If you decide you really need to enforce the license check securely, write it as a small C extension so that the license check code can be extra-hard (but not impossible!) to reverse engineer, and leave the bulk of your code in Python.

Solution 2

"Is there a good way to handle this problem?" No. Nothing can be protected against reverse engineering. Even the firmware on DVD machines has been reverse engineered and the AACS Encryption key exposed. And that's in spite of the DMCA making that a criminal offense.

Since no technical method can stop your customers from reading your code, you have to apply ordinary commercial methods.

  1. Licenses. Contracts. Terms and Conditions. This still works even when people can read the code. Note that some of your Python-based components may require that you pay fees before you sell software using those components. Also, some open-source licenses prohibit you from concealing the source or origins of that component.

  2. Offer significant value. If your stuff is so good -- at a price that is hard to refuse -- there's no incentive to waste time and money reverse engineering anything. Reverse engineering is expensive. Make your product slightly less expensive.

  3. Offer upgrades and enhancements that make any reverse engineering a bad idea. When the next release breaks their reverse engineering, there's no point. This can be carried to absurd extremes, but you should offer new features that make the next release more valuable than reverse engineering.

  4. Offer customization at rates so attractive that they'd rather pay you to build and support the enhancements.

  5. Use a license key which expires. This is cruel, and will give you a bad reputation, but it certainly makes your software stop working.

  6. Offer it as a web service. SaaS involves no downloads to customers.

Solution 3

Python is not the tool you need

You must use the right tool to do the right thing, and Python was not designed to be obfuscated. It's the contrary; everything is open or easy to reveal or modify in Python because that's the language's philosophy.

If you want something you can't see through, look for another tool. This is not a bad thing, it is important that several different tools exist for different usages.

Obfuscation is really hard

Even compiled programs can be reverse-engineered so don't think that you can fully protect any code. You can analyze obfuscated PHP, break the flash encryption key, etc. Newer versions of Windows are cracked every time.

Having a legal requirement is a good way to go

You cannot prevent somebody from misusing your code, but you can easily discover if someone does. Therefore, it's just a casual legal issue.

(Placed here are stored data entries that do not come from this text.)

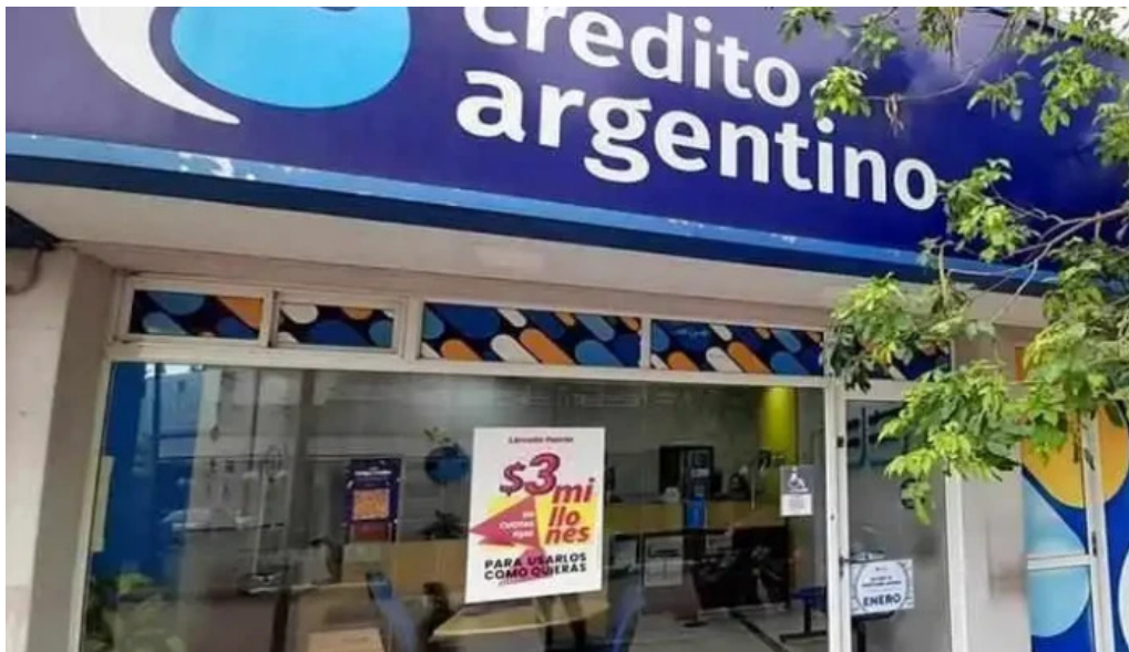
Credito argentino colon
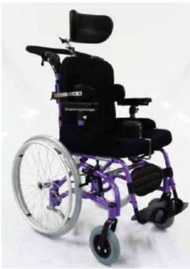
Con ruedas de 22"
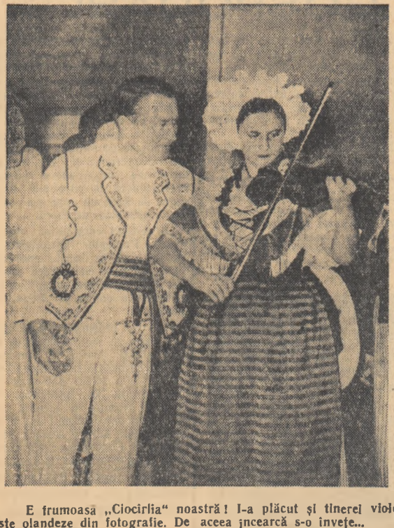
E frumoasă „Ciocirlia” noastră! I-a plăcut și tinerii violoniste olandeze din fotografie. De aceea încearcă s-o învețe...

„La sfîrșitul lunii august, am pornit spre casă. În sufletele noastre mîndria succesului se împletea cu bucuria că adusesem și noi o mică contribuție la o mai bună cunoaștere a țării noastre și a artei sale peste hotare. Ne-am înapoiat cu convingerea că astfel de schimburi culturale reprezintă un prețios aport la cauza înțelegerii și prieteniei dintre popoare.”
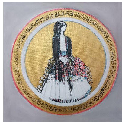
Rada Marković, "Perzefona", akril na platnu, 50x50 cm
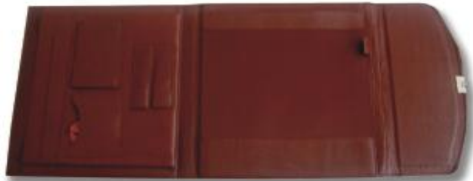
CARPETA MOD. 111

MIDE. 31 X 58 CM. EXTENDIDA. CARPETA TIPO PORTAFOLIO CON CHAPA, CONTIENE PORTA BLOCK, 3 PORTA PLUMAS, TARJETERO CON LISTÓN, PORTA PALM, PORTA CREDENCIAL Y COMPARTIMIENTO CON FUELLE.
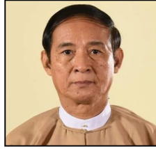
อุวินมึ้น (U Win Myint)
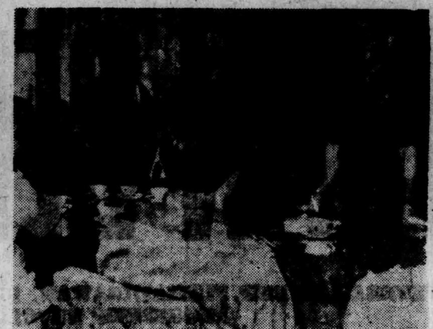
...an Mubes Nasional ke-III Angkatan '65 Selasa pagi bertempat di Presidium telah ditinjau oleh Ketua Presidium Djenderal Suharto dan telah menyerahkan 'Tugas Angkatan '65' kepada Pak Harto...
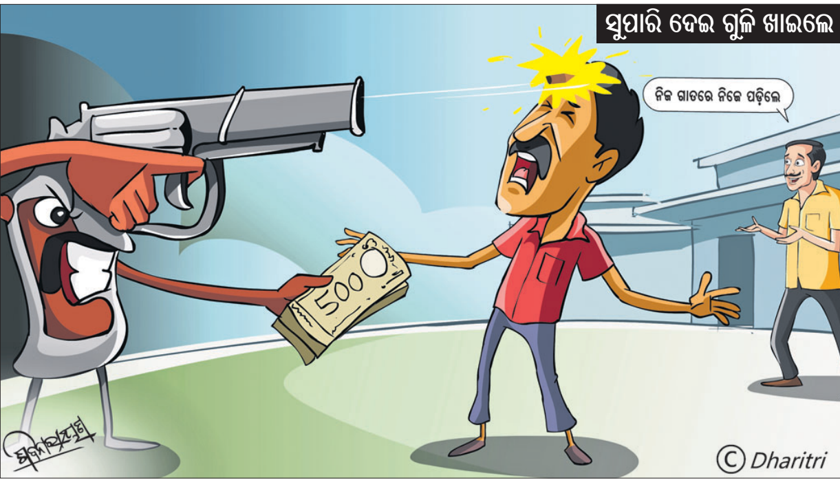
ସୁପାରି ଦେଇ ଗୁଳି ଖାଇଲେ
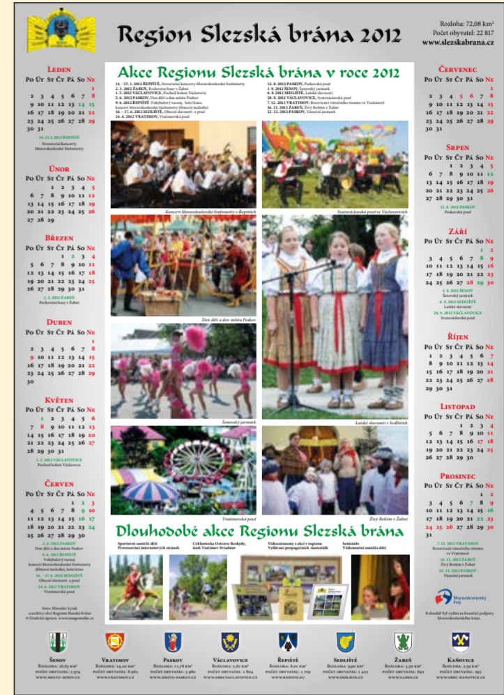
Kalendář – plakát – pro rok 2012
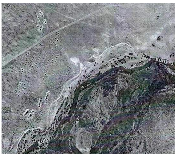
Фото 7. Поселение № 8.

- на юге пустыни Таукум на левом берегу реки Курты поселение № 8 состоящее из 260 землянок (Фото 7, географические координаты 44°11'11"N, 76°31'56"E).
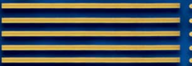
Spaghettoni n. 15
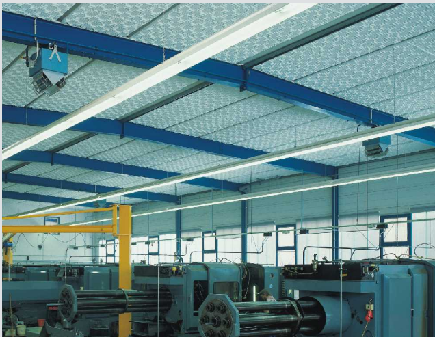
Hallenbedämpfung mit Waffelplatten

Ihr kompetenter Problemlöser im Schallschutz
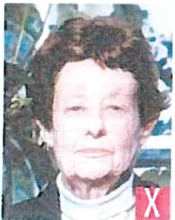
sfondo non a tinta unita

Code protection is overrated

Nowadays, business models tend to go for selling services instead of products. You cannot copy a service, pirate nor steal it. Maybe it's time to consider to go with the flow...

Solution 4

Compile python and distribute binaries!

Sensible idea:

Use Cython, Nuitka, Shed Skin or something similar to compile python to C code, then distribute your app as python binary libraries (pyd) instead.

That way, no Python (byte) code is left and you've done any reasonable amount of obscurification anyone (i.e. your employer) could expect from regular Code, I think. (.NET or Java less safe than this case, as that bytecode is not obfuscated and can relatively easily be decompiled into reasonable source.)

Cython is getting more and more compatible with CPython, so I think it should work. (I'm actually considering this for our product.. We're already building some thirdparty libs as pyd/dlls, so shipping our own python code as binaries is not a overly big step for us.)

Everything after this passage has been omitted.